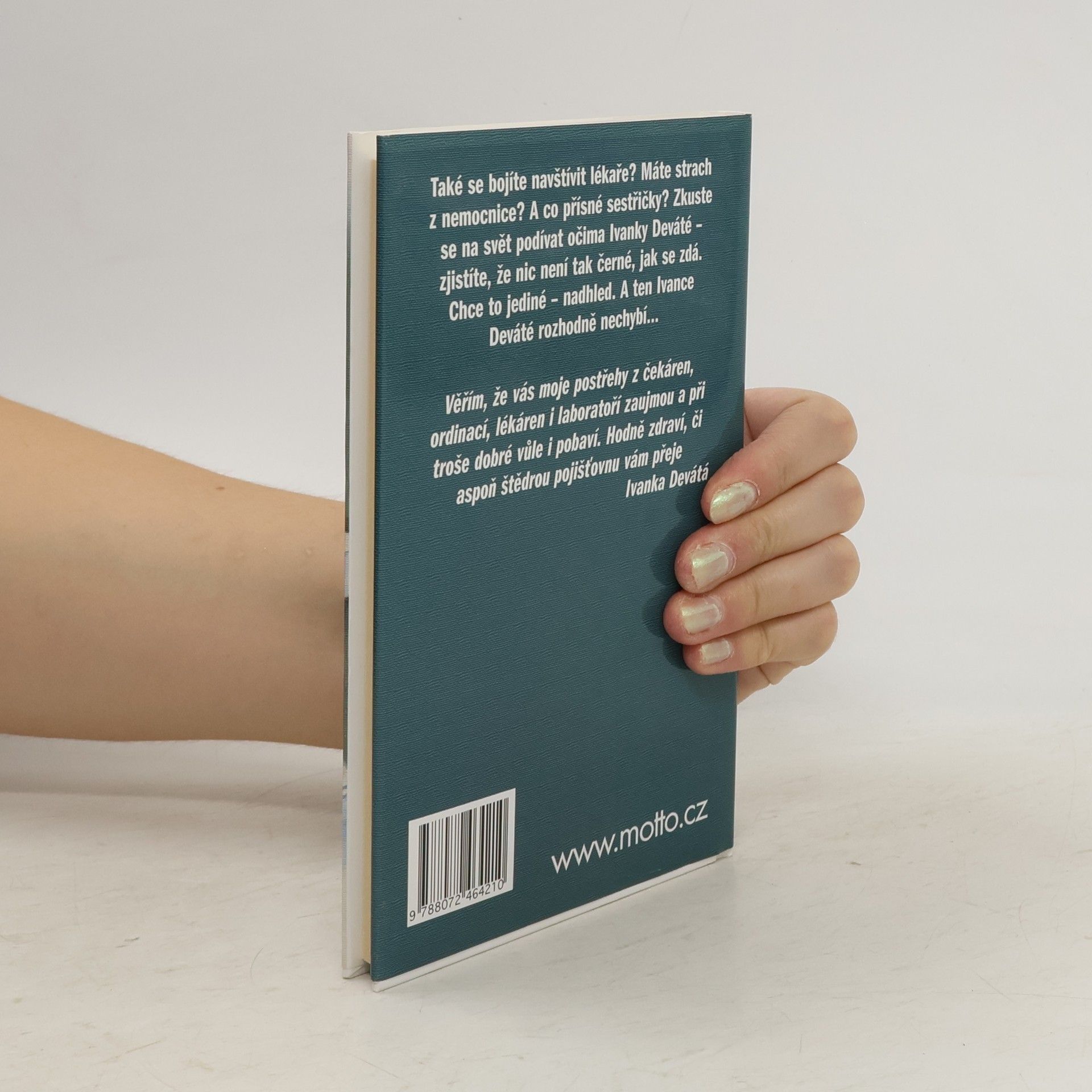 Humorné příběhy a postřehy z nemocničního prostředí Také se bojíte navštívit lékaře? Máte strach z nemocnice? A co přísné sestřičky? Zkuste se na svět podívat očima Ivanky Deváté - zjistíte, že nic není tak černé, jak se na první pohled zdá.
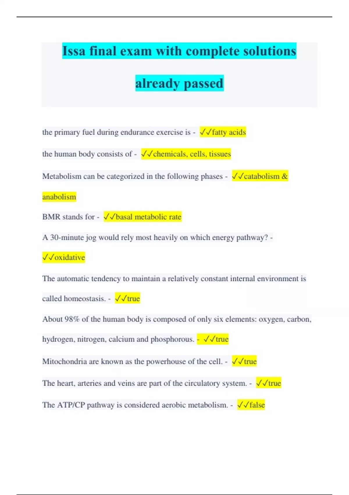 ISSA Bundled Exams Together with complete solutions Questions and Answers Graded A, Latest Update (Verified Answers) (Full Solution Pack)
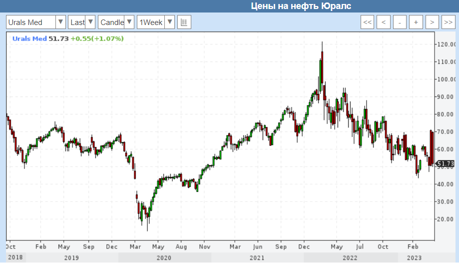 🛢 Минфин опубликовал расчёт экспортной пошлины на июнь. Чем он интересен? Там рассчитывается средняя цена марки Urals из которой вытекает сумма экспортной пошлины. За период с 15 апреля по 14 мая средняя цена Urals составила — $55,97 (прошлый период — $51,15). А значит экспортная пошлина на нефть в РФ с 1 июня 2023 года повысится на $1,8 и составит $16,2 за тонну. Пошлина значительно повысилась, по сути, дисконт к Brent меньше предельного (спрэд составил $23, а предельный дисконт установлен: май — $31, июнь — $28, июль — $25), поэтому налогообложение происходит по фактической цене Urals — $55,97. За данное повышение говорят и данные Минфина о средней цене Urals в апреле, она составила $58,63 (-16,9% г/г, $70,52 за баррель). Средняя цена Urals с начала года сложилась на уровне $51,05 (-39,7% г/г, $84,68 за баррель). А средняя цена Urals в марте составляла $47,85 (-46,3% г/г). Как вы понимаете, апрель для нефтяных компаний выдался отличным (Лукойл, Татнефть, Роснефть и т.д.): повышение
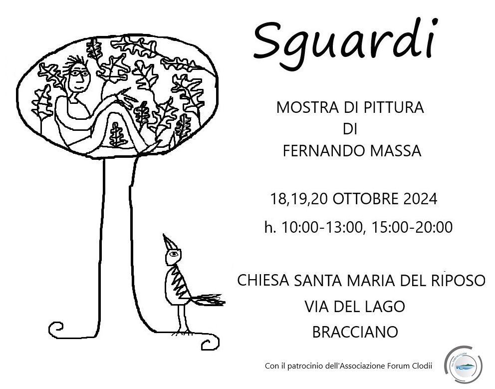 Venerdì 18 sabato 19 domenica 20 con orari 10.00 – 13.00 e 15.00 – 20.00, si terrà presso la Chiesa del Riposo, con il patrocinio dell’Associazione, una mostra di pittura dell’artista Fernando Massa dal titolo ” Sguardi”.
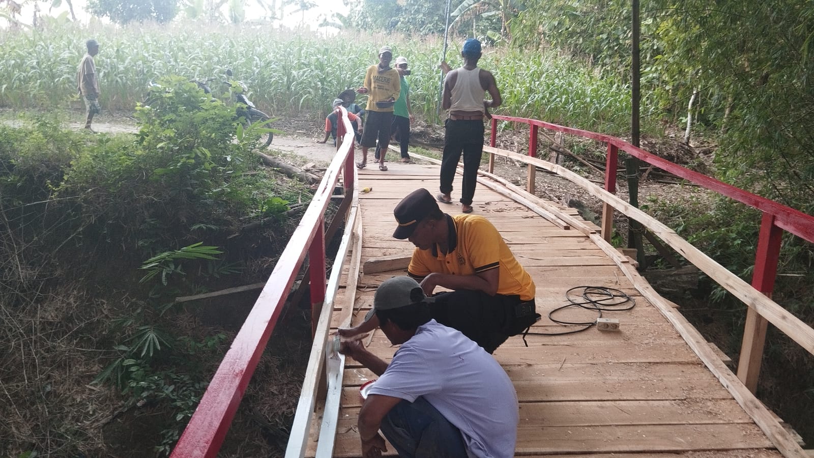 Kali ini, Kapolsek Sambeng bersama anggota dan masyarakat melaksanakan renovasi jembatan di Dusun Gondoroso, Desa Kreteranggon, Jumat (24/04).
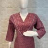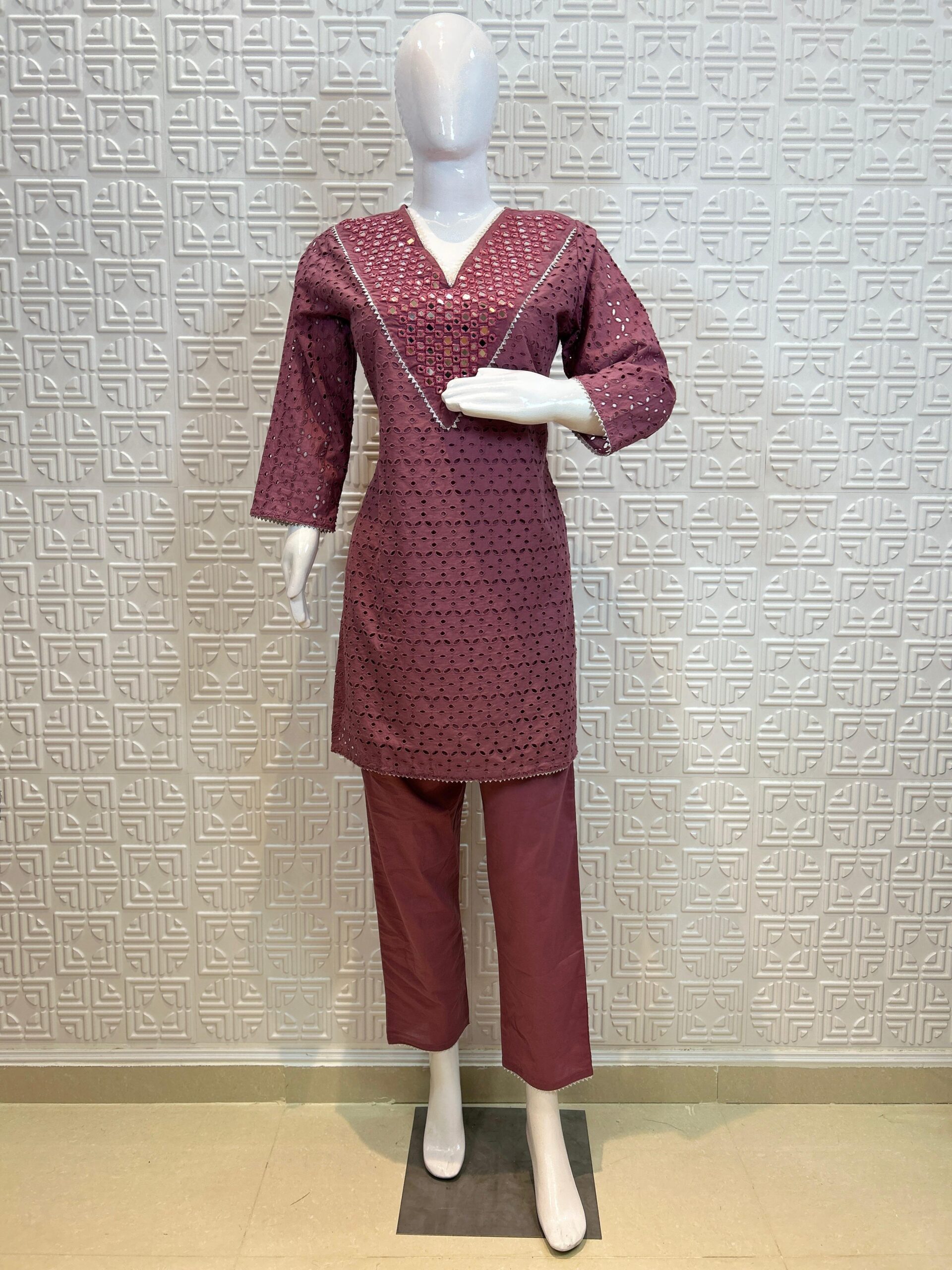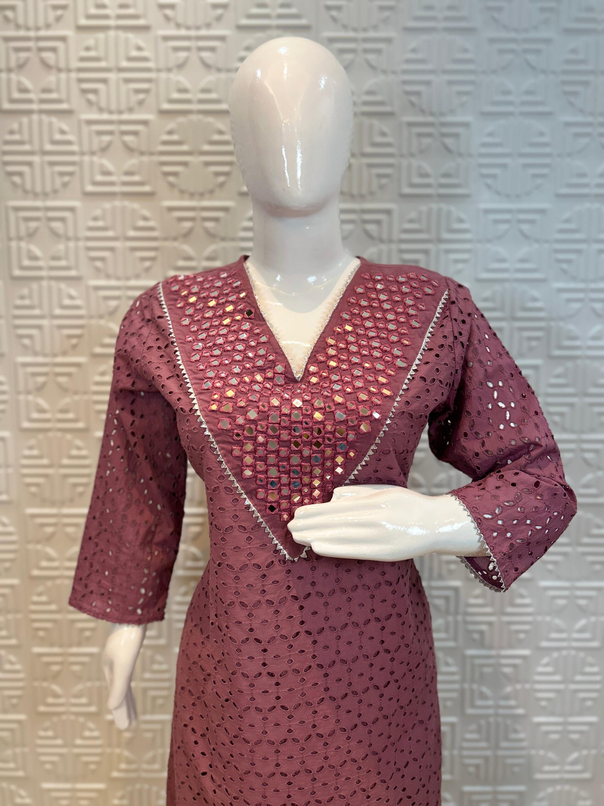 ❣️Kurta – The top features intricate cutwork embroidery, commonly known as Chikankari, throughout the fabric. There are also mirror work or embellishments around the neckline and chest area, adding a decorative element.

Work to complete = The first line of the entries, the line containing "и т.д.): повышение", and every line between them are to be output exactly; pictures are not.

Answer area =
 Humorné příběhy a postřehy z nemocničního prostředí Také se bojíte navštívit lékaře? Máte strach z nemocnice? A co přísné sestřičky? Zkuste se na svět podívat očima Ivanky Deváté - zjistíte, že nic není tak černé, jak se na první pohled zdá.
 ISSA Bundled Exams Together with complete solutions Questions and Answers Graded A, Latest Update (Verified Answers) (Full Solution Pack)
 🛢 Минфин опубликовал расчёт экспортной пошлины на июнь. Чем он интересен? Там рассчитывается средняя цена марки Urals из которой вытекает сумма экспортной пошлины. За период с 15 апреля по 14 мая средняя цена Urals составила — $55,97 (прошлый период — $51,15). А значит экспортная пошлина на нефть в РФ с 1 июня 2023 года повысится на $1,8 и составит $16,2 за тонну. Пошлина значительно повысилась, по сути, дисконт к Brent меньше предельного (спрэд составил $23, а предельный дисконт установлен: май — $31, июнь — $28, июль — $25), поэтому налогообложение происходит по фактической цене Urals — $55,97. За данное повышение говорят и данные Минфина о средней цене Urals в апреле, она составила $58,63 (-16,9% г/г, $70,52 за баррель). Средняя цена Urals с начала года сложилась на уровне $51,05 (-39,7% г/г, $84,68 за баррель). А средняя цена Urals в марте составляла $47,85 (-46,3% г/г). Как вы понимаете, апрель для нефтяных компаний выдался отличным (Лукойл, Татнефть, Роснефть и т.д.): повышение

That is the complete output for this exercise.